From opener “Fragment,” there’s a sense of deliberate tension: fragile ambient pads, spacey reverbs, and the feeling of something unfolding in slow motion. As the record progresses, tracks like Unknown and Your Light (ft. George Riley) introduce more rhythmic momentum—UK garage-tinged breakbeats, gently pulsing synths—that still feel intimate rather than club-maxxed.
The vocal features (George Riley, KUČKA, TYSON) are rare moments of warmth, anchoring the album’s more ethereal passages. “Forever” (with KUČKA) is a bold moment—it risks pulling too far into strident territory, but even its sharper edges are redeemed by strong atmospheric work around it.

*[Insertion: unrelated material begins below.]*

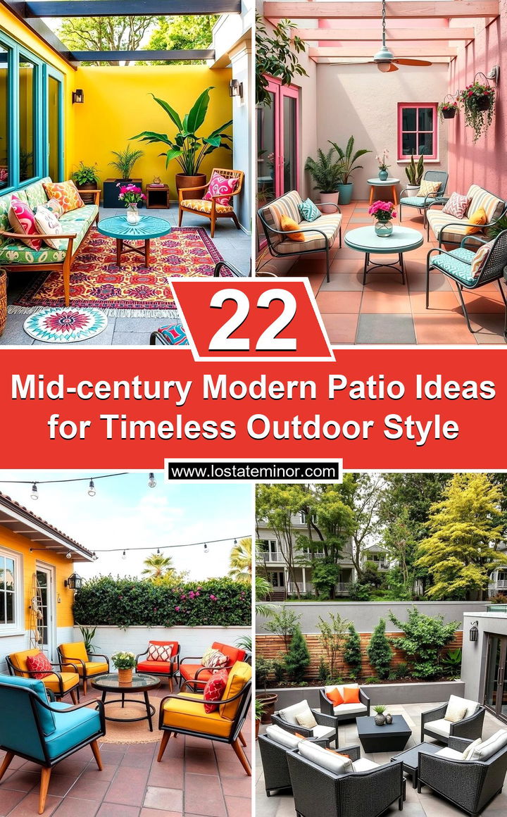 Mid-century modern patio ideas showcase an inspiring mix of retro charm, functional design, and timeless aesthetics that elevate your outdoor living experience. Each idea emphasizes clean lines, natural materials, and thoughtful details essential for creating a space that is both stylish and inviting. From minimalist layouts to creative outdoor kitchens, the collection of ideas encourages you to experiment with form and function while celebrating design heritage. Embrace these innovative approaches and transform your patio into a vibrant, serene retreat that reflects your unique taste and love for mid-century modern design.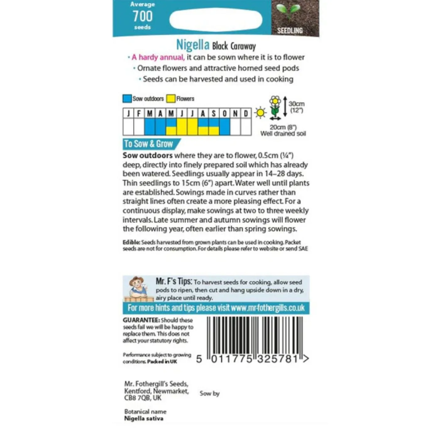 Tarhaneito 'Black Caraway' on kiehtova yksivuotinen kasvi, joka tunnetaan ainutlaatuisesta ulkonäöstään ja monipuolisesta käytöstään keittiössä. Tämä hentoinen kasvi tuottaa monimutkaisia, ilmavia kukkia, yleensä sinisen, valkoisen tai vaaleanpunaisen sävyissä, joita seuraavat usein tunnusomaiset siemenkotat, jotka lisäävät puutarhaan rakenteellista kiinnostavuutta. Hienojakoinen, höyhenmäinen lehvästö luo pehmeän taustan, joka korostaa kukkien visuaalista viehätystä. Kasvi viihtyy aurinkoisella kasvupaikalla ja hyvin vettä läpäisevässä maassa, ja se on erittäin helppo kasvattaa. Tämä tekee siitä erinomaisen valinnan perennapenkkeihin, cottage garden -tyyliin tai hurmaavaksi täytekasviksi leikkokukka-asetelmiin. Siemenet, jotka tunnetaan aromaattisista ominaisuuksistaan, ovat arvokas lisä erilaisiin ruokiin.

What is especially compelling is their process: the album was mostly recorded in-person across cities like London, Los Angeles, Tokyo, Paris and Montréal, with a commitment to reduction—letting texture, space, and minimal elements breathe. They trade production roles, allow ambient imperfections, and emphasize trust in one another’s intuitions.

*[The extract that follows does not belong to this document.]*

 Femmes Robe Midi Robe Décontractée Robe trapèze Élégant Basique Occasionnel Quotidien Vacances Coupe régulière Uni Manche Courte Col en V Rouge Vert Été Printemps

Verses GT isn’t always about overt hooks or flashy drops; it favors moods, slow builds, and intimate dynamics. Some listeners may wish it pushed harder in certain pocketed moments, but as a whole it succeeds as a cohesive, emotionally resonant statement. For fans of both artists, and anyone drawn to electronic music that balances atmosphere with subtle rhythm, this is a strong addition.